## [Task instructions]
Repeat the listing exactly. Pictures stay out of your copy.
═════ Data ═════
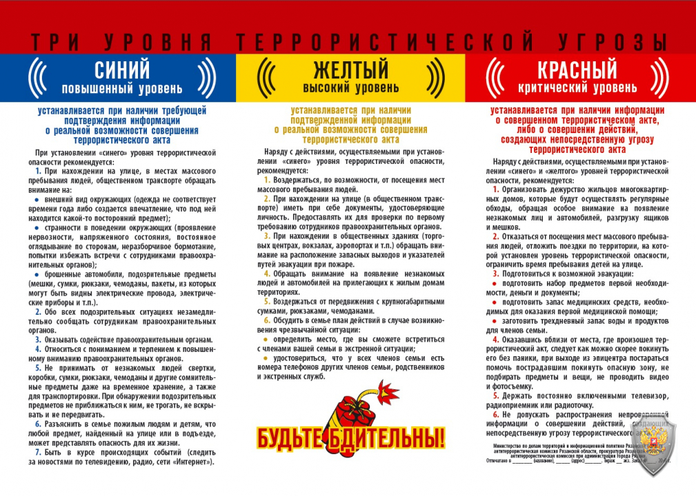 Памятка. Три уровня террористической угрозы.
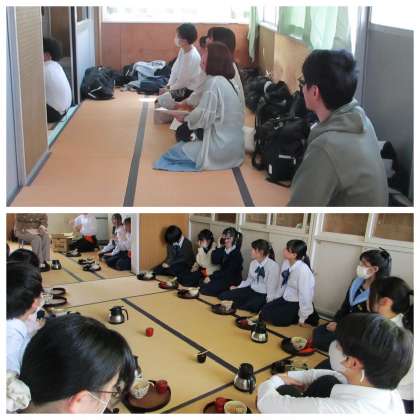部活動保護者説明会サッカー部、バレーボール部、茶華道部の様子。
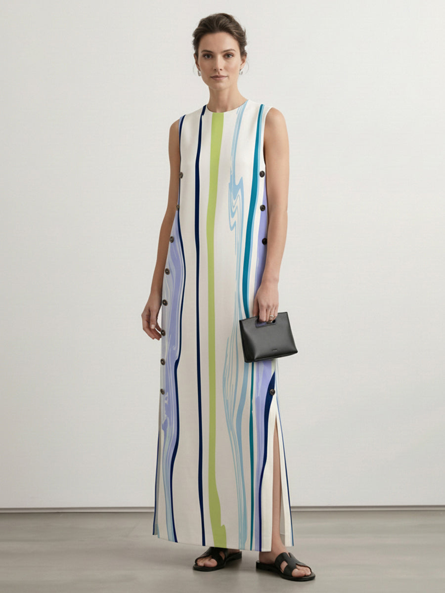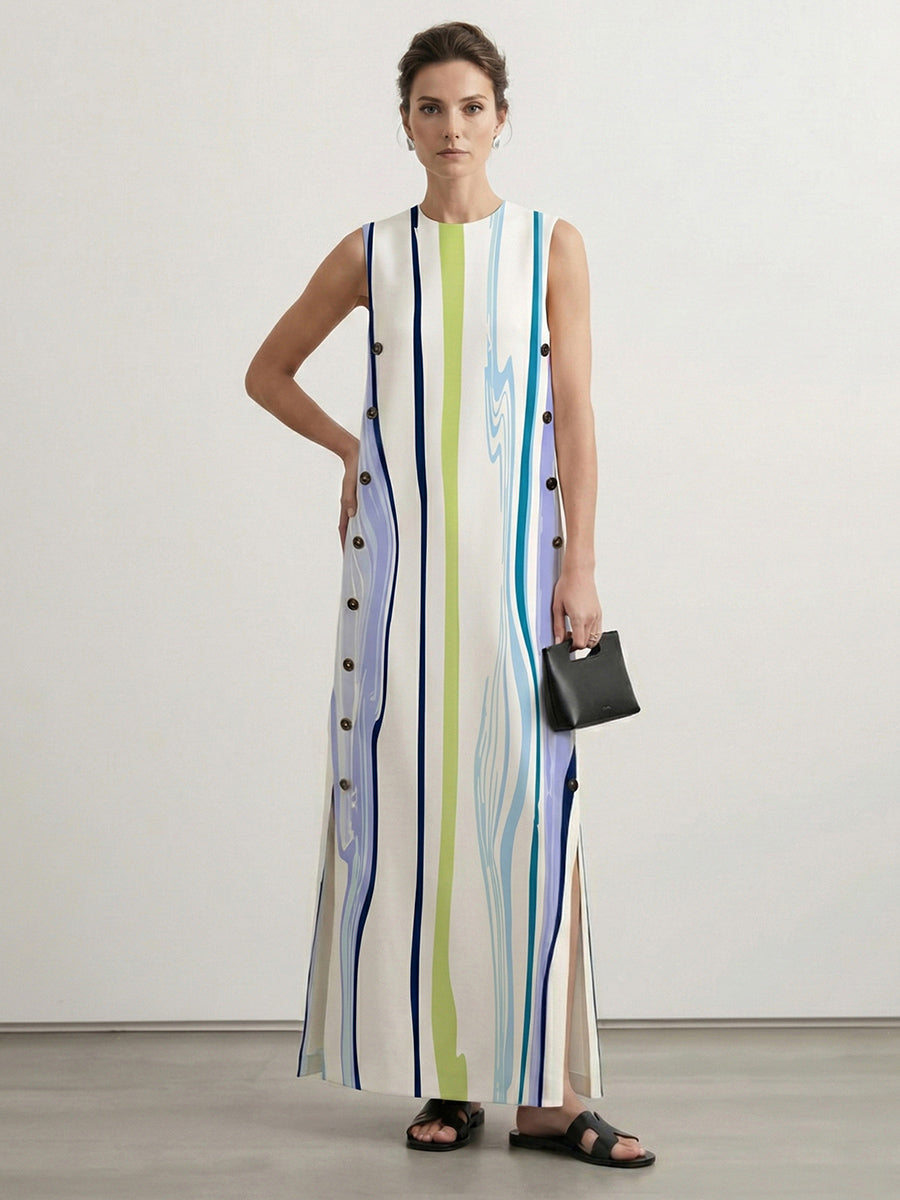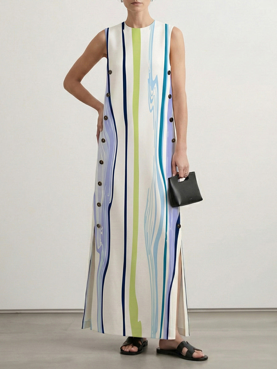 Loose Sleeveless Buttoned Contrast Color Print Split-Joint Split-Side Striped Round-Neck Maxi Dresses
═════
## [Exercise response]
 Памятка. Три уровня террористической угрозы.
部活動保護者説明会サッカー部、バレーボール部、茶華道部の様子。
 Loose Sleeveless Buttoned Contrast Color Print Split-Joint Split-Side Striped Round-Neck Maxi Dresses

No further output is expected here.